▶ **Task to complete**:
Please copy each line in the records below that contains the string "These".

[Dataset records]
▽
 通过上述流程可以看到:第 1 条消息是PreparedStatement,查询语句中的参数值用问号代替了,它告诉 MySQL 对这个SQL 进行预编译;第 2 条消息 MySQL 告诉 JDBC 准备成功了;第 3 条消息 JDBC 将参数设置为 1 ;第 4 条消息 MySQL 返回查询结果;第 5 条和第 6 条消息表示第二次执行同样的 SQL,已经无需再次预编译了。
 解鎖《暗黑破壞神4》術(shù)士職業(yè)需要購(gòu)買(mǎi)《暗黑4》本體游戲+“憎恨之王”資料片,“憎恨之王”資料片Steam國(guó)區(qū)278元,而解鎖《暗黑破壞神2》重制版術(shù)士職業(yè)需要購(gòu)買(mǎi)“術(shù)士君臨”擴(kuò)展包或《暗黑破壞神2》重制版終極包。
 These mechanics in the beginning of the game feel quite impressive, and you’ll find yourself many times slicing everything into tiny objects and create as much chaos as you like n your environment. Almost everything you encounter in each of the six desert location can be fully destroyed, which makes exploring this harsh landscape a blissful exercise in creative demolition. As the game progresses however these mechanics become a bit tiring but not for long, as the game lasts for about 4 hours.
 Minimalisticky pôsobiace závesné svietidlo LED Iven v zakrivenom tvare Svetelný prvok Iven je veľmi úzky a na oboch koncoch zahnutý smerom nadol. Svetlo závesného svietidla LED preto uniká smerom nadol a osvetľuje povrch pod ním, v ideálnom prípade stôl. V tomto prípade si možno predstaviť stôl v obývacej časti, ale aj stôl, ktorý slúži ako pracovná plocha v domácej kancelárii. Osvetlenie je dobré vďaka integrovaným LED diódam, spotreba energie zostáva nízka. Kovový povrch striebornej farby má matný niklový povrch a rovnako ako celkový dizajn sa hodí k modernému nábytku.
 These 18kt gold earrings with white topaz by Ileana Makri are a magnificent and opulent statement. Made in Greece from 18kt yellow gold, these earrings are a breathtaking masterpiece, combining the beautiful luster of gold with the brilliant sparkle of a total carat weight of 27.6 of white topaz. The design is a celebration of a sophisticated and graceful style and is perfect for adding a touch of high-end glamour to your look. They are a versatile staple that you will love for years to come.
△
▽
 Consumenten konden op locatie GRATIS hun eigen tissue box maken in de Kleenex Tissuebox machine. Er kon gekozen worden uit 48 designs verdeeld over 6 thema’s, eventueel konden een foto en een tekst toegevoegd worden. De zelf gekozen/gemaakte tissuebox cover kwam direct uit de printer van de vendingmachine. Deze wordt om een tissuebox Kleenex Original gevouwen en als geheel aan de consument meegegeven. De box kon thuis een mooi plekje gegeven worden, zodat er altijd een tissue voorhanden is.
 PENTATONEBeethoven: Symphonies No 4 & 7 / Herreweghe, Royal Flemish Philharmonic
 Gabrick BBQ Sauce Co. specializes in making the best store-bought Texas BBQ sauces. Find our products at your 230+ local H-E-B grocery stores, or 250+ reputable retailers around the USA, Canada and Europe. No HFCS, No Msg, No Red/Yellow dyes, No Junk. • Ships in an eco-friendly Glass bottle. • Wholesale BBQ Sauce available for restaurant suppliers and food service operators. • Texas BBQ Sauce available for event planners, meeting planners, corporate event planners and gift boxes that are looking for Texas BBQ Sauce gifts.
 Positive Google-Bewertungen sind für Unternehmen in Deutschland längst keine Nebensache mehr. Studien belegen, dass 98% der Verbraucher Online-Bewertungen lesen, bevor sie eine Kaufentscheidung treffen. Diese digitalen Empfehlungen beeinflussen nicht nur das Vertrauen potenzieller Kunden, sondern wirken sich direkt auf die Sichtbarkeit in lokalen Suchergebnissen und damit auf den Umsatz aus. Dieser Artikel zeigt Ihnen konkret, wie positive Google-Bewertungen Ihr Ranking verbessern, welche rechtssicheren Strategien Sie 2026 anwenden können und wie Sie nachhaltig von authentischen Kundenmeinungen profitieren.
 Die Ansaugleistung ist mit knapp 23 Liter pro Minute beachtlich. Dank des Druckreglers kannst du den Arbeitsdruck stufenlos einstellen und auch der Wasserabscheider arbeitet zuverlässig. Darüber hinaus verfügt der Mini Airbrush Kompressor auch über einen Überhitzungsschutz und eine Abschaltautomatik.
△
▽
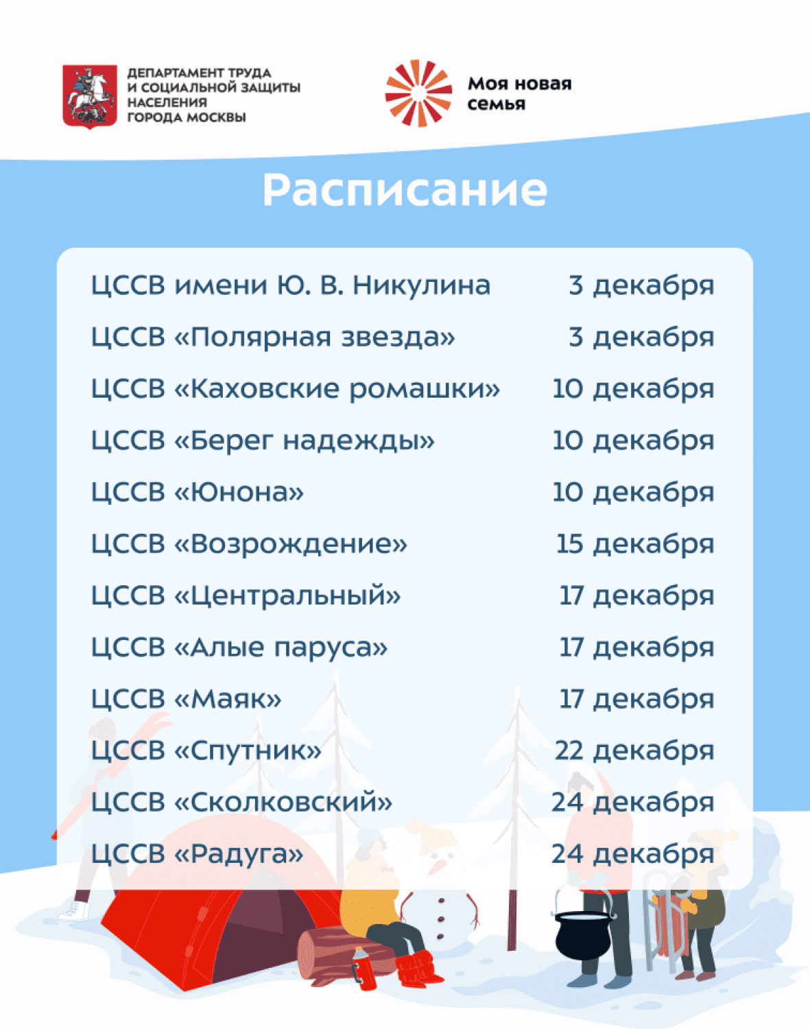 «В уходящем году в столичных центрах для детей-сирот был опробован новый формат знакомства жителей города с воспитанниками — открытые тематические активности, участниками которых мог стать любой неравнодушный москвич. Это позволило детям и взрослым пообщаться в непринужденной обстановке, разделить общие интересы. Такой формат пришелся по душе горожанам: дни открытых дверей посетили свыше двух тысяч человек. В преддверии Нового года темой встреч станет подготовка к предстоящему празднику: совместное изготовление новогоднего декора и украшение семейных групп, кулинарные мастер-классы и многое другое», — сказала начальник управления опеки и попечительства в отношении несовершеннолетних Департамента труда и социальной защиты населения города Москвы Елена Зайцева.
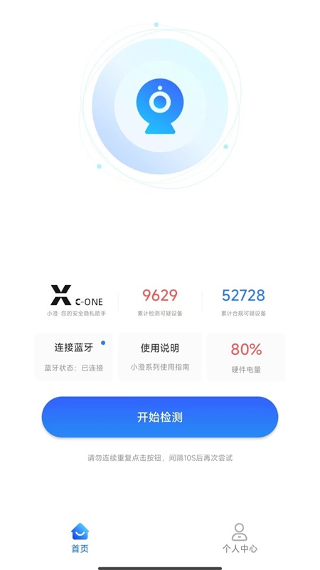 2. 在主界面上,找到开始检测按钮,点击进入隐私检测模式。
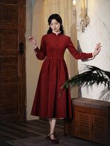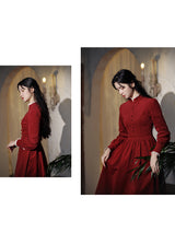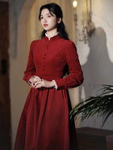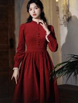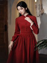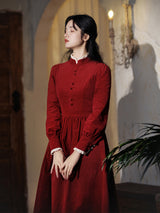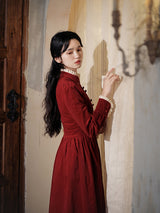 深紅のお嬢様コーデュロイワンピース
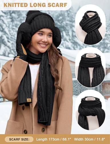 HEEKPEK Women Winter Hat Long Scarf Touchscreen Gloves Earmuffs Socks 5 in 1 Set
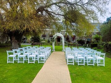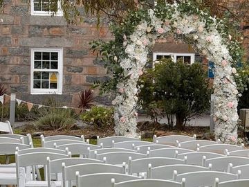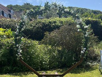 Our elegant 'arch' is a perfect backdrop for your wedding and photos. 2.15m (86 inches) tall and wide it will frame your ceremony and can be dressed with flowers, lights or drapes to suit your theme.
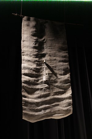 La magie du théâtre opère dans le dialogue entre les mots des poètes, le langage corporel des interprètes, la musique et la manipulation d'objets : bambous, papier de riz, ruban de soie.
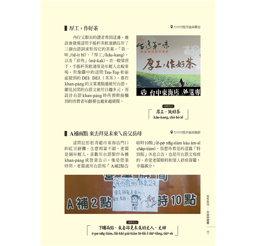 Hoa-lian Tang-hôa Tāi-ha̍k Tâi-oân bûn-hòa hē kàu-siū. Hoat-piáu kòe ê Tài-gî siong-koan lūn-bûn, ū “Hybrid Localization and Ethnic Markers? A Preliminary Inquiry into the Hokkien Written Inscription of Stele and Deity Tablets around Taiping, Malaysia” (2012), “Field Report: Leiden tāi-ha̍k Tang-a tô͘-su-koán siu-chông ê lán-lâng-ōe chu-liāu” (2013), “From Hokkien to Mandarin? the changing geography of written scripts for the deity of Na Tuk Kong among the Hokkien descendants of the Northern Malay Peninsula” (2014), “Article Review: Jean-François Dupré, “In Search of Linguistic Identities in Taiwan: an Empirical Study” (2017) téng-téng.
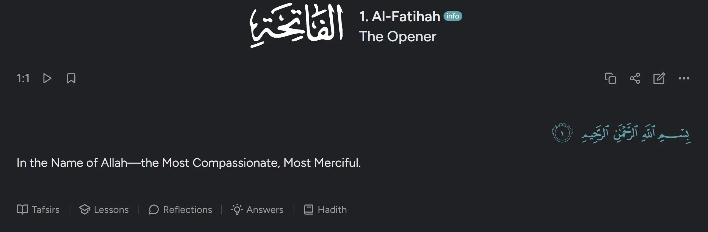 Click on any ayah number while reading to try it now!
△
▶ **Solution to the problem**:
 These mechanics in the beginning of the game feel quite impressive, and you’ll find yourself many times slicing everything into tiny objects and create as much chaos as you like n your environment. Almost everything you encounter in each of the six desert location can be fully destroyed, which makes exploring this harsh landscape a blissful exercise in creative demolition. As the game progresses however these mechanics become a bit tiring but not for long, as the game lasts for about 4 hours.
 These 18kt gold earrings with white topaz by Ileana Makri are a magnificent and opulent statement. Made in Greece from 18kt yellow gold, these earrings are a breathtaking masterpiece, combining the beautiful luster of gold with the brilliant sparkle of a total carat weight of 27.6 of white topaz. The design is a celebration of a sophisticated and graceful style and is perfect for adding a touch of high-end glamour to your look. They are a versatile staple that you will love for years to come.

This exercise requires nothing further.